The way the Pumpkin scenario was explain to me is yes it's all fiber so it'll make runny stool solid; but it'll also wrap around and encase most any object in the gut-intestine allowing it to pass without damage. Worked such on a pretty mean stick that one of my dogs accidentally swallowed, resulting in serious constipation and bloody stool, I was pretty happy to see that orange goo exit the body, saved us from surgery. 

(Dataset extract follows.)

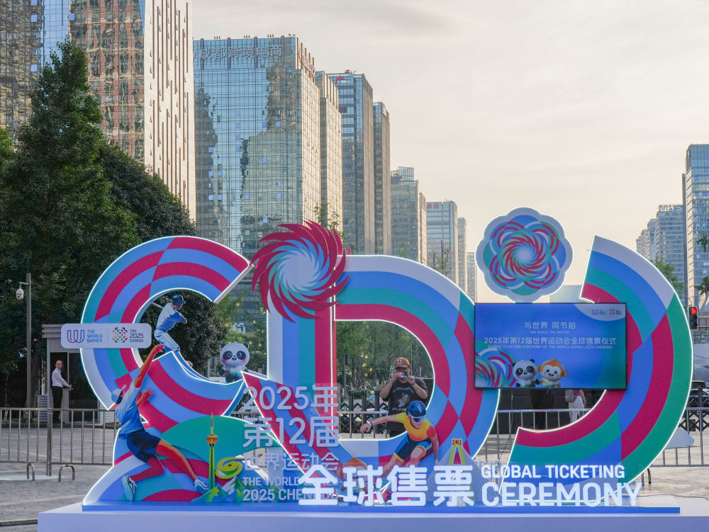 ↑6月30日,游客在成都世运会全球售票主题装置前拍照。新华社记者王曦摄

I wouldn't worry to much about a leather collar (w/o the hard-ware); it's a pretty natural material, I've loss a bunch of those to different dogs, but never had a problem with them passing, be glad most dogs seem smart enough not to eat the metal pieces .


----------



## Chris Atkinson (Jan 3, 2003)

metalone67 said:


> *May sound mean, but give him a collar and if he takes it, kick his ass till he learns to leave them alone.
> *Personally I think he'll be fine as a leather collar is much softer and should pass, look at what rawhides are made of and dogs pass them all the time.


I added the bold. 

Yes, it does sound mean. The way that it is worded, it is not representative of good dog training.

Chris


----------



## 2tall (Oct 11, 2006)

Colonel Blimp said:


> *TT* posted
> Yupp.
> 
> Sometimes training issues between US and UK can be misunderstood, so I may have got this wrong or perhaps I haven't grasped all that's going on, but on the face of it I see a known chewer in a kennel wearing or having access to a chewable collar. Why? What is to be gained? If the dog is secured, take the b****y thing off; better yet never put it on unless the situation demands it by law or statute. My lot hardly wear a collar of any sort from one years end to the next.
> ...


Eug, I NEVER leave the collar on in the kennel. The only time my dogs wear them is for hiking trails or in town where the local dog police like to see that bit of bling hanging off their necks! We had been to town the day before, and in haste I put the collar down on top of a box about a foot await from the kennel. I underestimated his determination and reach! No more.

For goin2dirt, he seems just fine today, but I didnt see any bits of leather in the morning delivery so I think I'm going ahead with more pumpkin.


----------



## Jay Dangers (Feb 19, 2008)

2tall said:


> I just brought my 3 year old in from his kennel and found the buckle and d-ring of a leather collar, still attached to a small bit of the leather. The remainder of the collar, about 20", nowhere in sight. He did this two years ago with a smaller, synthetic fiber collar. All came out fine in the end . I had put the collar on top of a cooler outside his kennel. He must have been able to reach his paw through and drag it in. I am planning on feeding him a bunch of pumpkin, (there goes Thursday's pie) and keeping a close eye on him. I am afraid inducing vomiting might be rougher on his insides than getting rid of it in the conventional way. Any thoughts? I will of course head straight for the vet at the first sign of discomfort or stress!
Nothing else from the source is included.